National Center on Deafness Staff Provide Consulting Expertise to Toymaker on Groundbreaking Product

The Barbie doll has played many roles during 41 years as one of America's most recognizable icons. But if not for educators at Cal State Northridge, the famous doll might not have emerged recently in one of her most unusual turns-as an advocate for the nation's deaf and hard-of-hearing.

Staff members at the university's nationally renowned National Center on Deafness (NCOD) provided essential consulting expertise to help El Segundo-based Mattel Inc. bring the company's new Sign Language Barbie to market in April, creating a stir in the country's deaf community.

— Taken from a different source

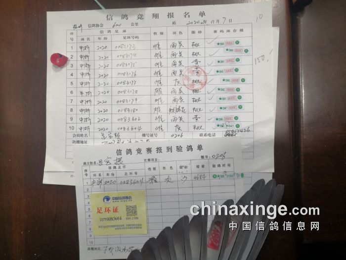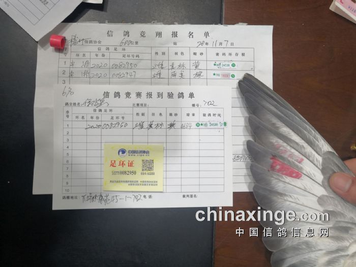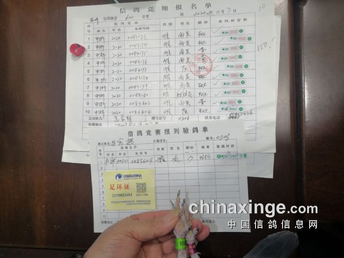 2020年秋长城赛6-8名验鸽照片
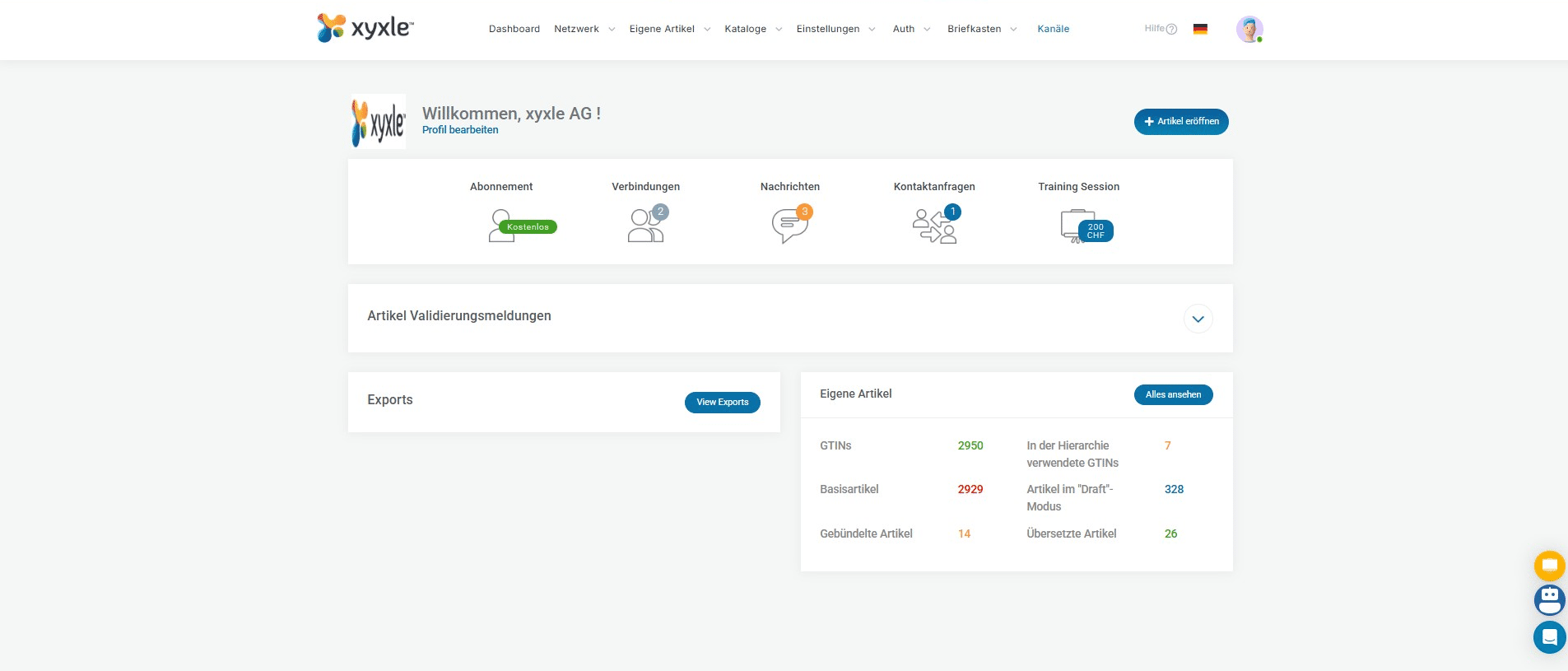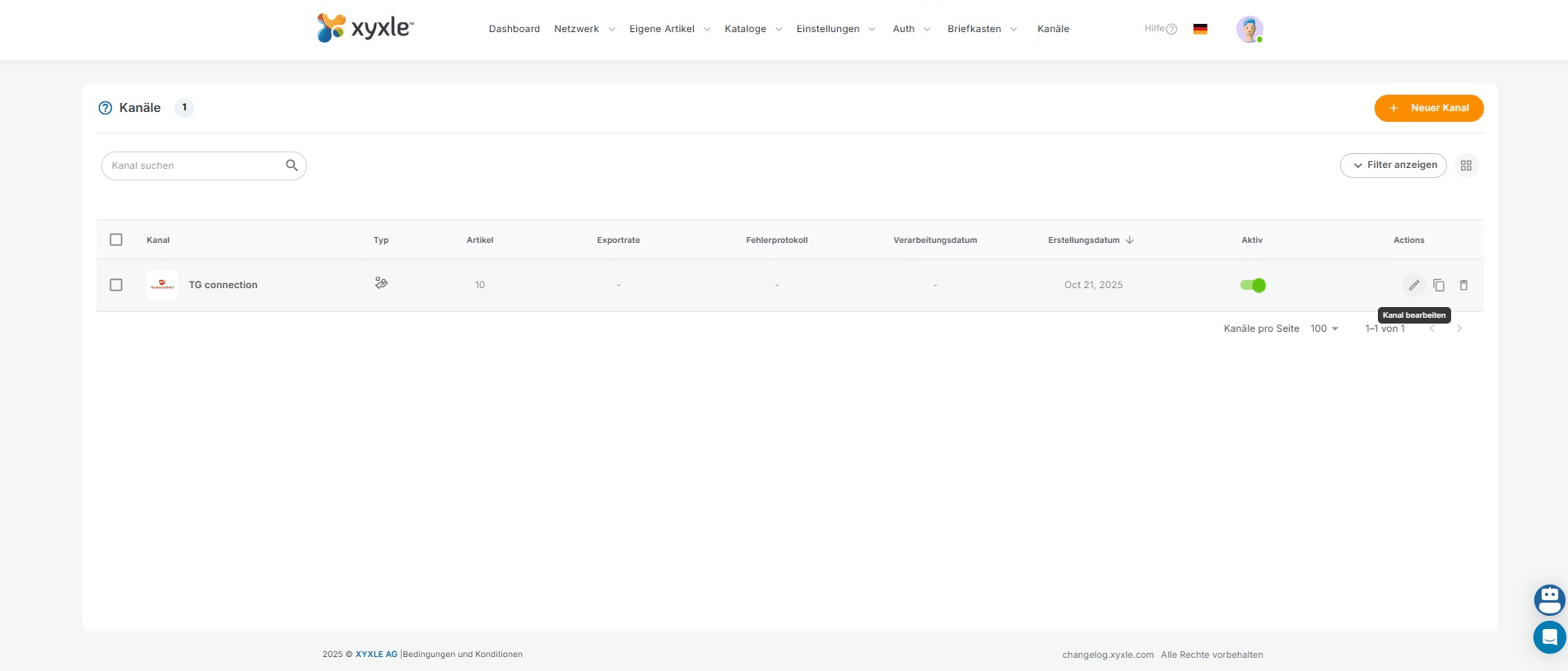 After you have added your new article/articles and already published this in your account, then click on "Kanäle".

Although Mattel produces about 150 new Barbie models each year and estimates more than one billion Barbies and related dolls have been sold since 1959, the new Sign Language Barbie represents the first time Barbie herself has ventured into the world of people with disabilities.

NCOD Director Merri Pearson, who led the trio of university staff members who helped shape Sign Language Barbie with Mattel, said the new doll represents one of the most visible and recognizable retail products ever related to the nation's estimated 28 million deaf and hard-of-hearing population.

"The deaf community is as excited as can be about this product," said Pearson. "We've had many calls, many e-mails to our web site wanting to know where to get the doll and how the doll was developed. This has increased our exposure to the national marketplace tremendously."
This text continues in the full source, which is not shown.